Gearhead Kölsch by Sager Beer Works (Rochester, NY), 4.9% ABV, a more traditional golden ale that is easy-drinking with a light maltiness and a hopped-finish. Quite lovely!
Passion Fruit Kölsch by New Belgium Brewing Company (Fort Collins, CO), 4.3% ABV, this is fruity, refreshing, and the epitome of a patio beer in the summer. The tropical notes of the passion fruit are not at all overpowering and lend a nice body to the beer.
Oceans of Patience by Mikkeller Brewing NYC (Flushing, Queens, NY), 5% ABV, this particular American-Kölsch is right on the money. It’s definitely the most similar to a traditional Cologne-based Kölsch that I have sampled to date. Light, refreshing, balanced, crisp.
Peach Kölsch by Stoneyard Brewing Company (Brockport, NY), 5% ABV, this Kölsch is light, with subtle peach notes as advertised, with a slightly earthy base throughout. And if you’re lucky enough to find it, there may still be a few 4-packs kicking around our local Wegmans stores!
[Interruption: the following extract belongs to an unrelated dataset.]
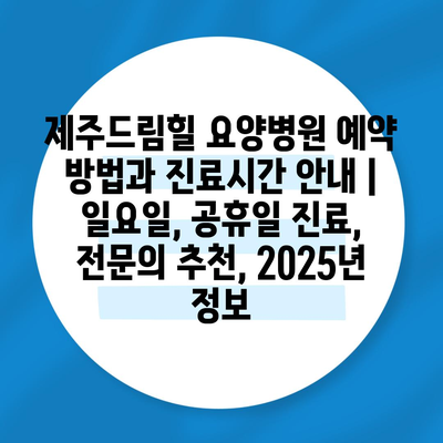 제주드림힐 요양병원 예약 방법과 진료시간 안내 | 일요일, 공휴일 진료, 전문의 추천, 2025년 정보

To sum it up, If you haven’t had the opportunity to try a Kölsch beer up to this point, you should definitely do so before summer officially runs out. There’s still plenty of time this September for a refreshing beer to be had after mowing the lawn, lounging in your hammock, or floating in your kayak. Cheers to the last little bit of summer left in CNY!